Problem details -
Leave out all pictures and retype exactly the lines from the one with "합동감식이 18일 시작됐다." through the last line of the material.
Material for the task below:
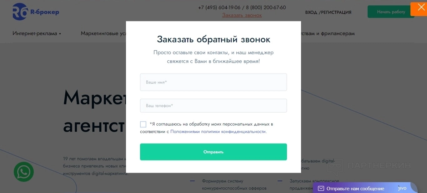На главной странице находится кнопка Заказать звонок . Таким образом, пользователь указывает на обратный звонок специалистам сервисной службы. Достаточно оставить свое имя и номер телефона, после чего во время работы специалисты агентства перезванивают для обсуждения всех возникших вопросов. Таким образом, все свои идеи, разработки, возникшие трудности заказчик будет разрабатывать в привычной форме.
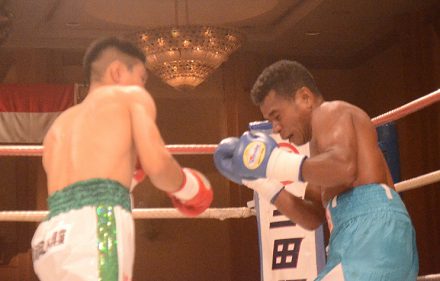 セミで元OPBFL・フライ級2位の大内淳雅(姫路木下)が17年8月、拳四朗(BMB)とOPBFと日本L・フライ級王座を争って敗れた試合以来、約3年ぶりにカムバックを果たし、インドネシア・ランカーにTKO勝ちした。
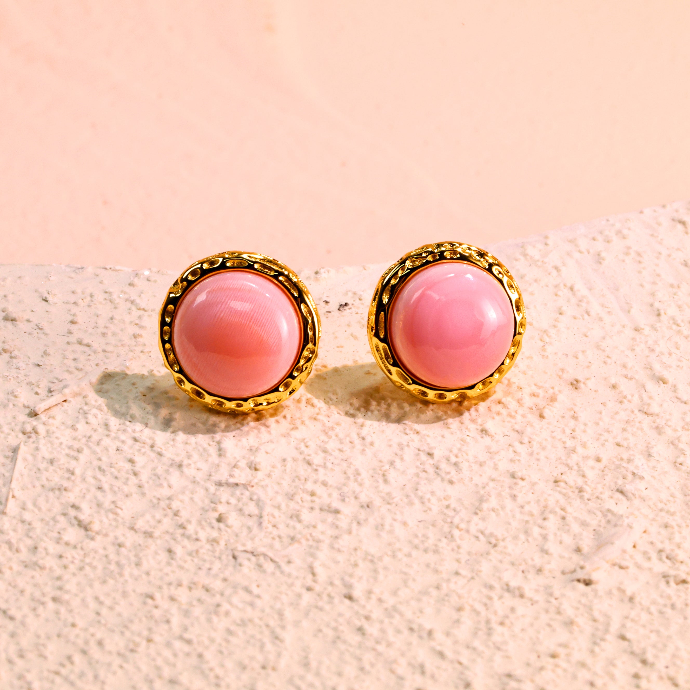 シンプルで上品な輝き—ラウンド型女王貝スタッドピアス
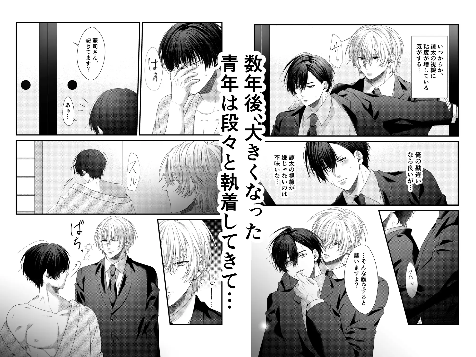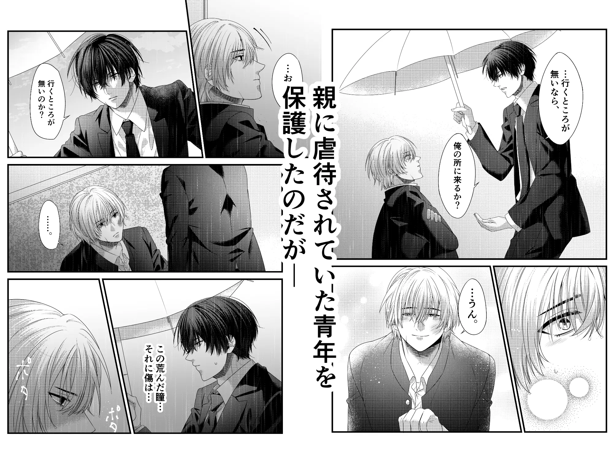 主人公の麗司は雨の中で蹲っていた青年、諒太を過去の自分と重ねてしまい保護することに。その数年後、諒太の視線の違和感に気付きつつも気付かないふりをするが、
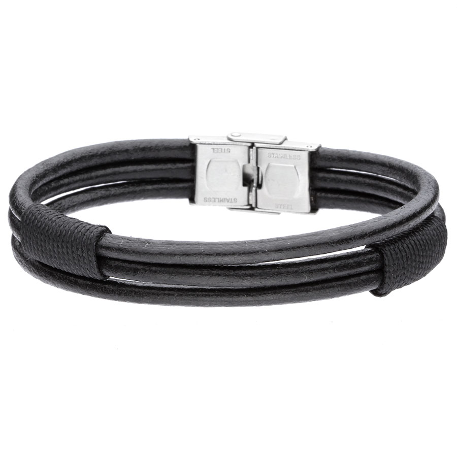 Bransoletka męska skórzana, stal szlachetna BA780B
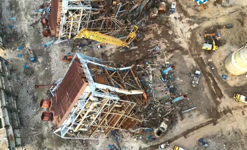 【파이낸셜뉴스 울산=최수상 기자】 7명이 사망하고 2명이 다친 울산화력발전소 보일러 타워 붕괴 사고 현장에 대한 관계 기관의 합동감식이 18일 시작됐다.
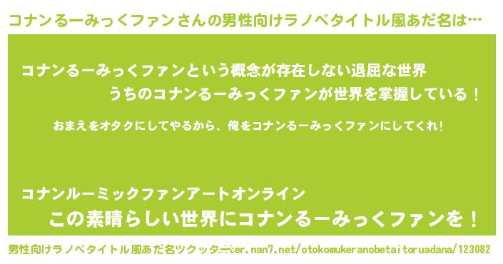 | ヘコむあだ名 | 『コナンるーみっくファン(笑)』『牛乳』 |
End of Material for the task.
Response to this exercise -
 【파이낸셜뉴스 울산=최수상 기자】 7명이 사망하고 2명이 다친 울산화력발전소 보일러 타워 붕괴 사고 현장에 대한 관계 기관의 합동감식이 18일 시작됐다.
 | ヘコむあだ名 | 『コナンるーみっくファン(笑)』『牛乳』 |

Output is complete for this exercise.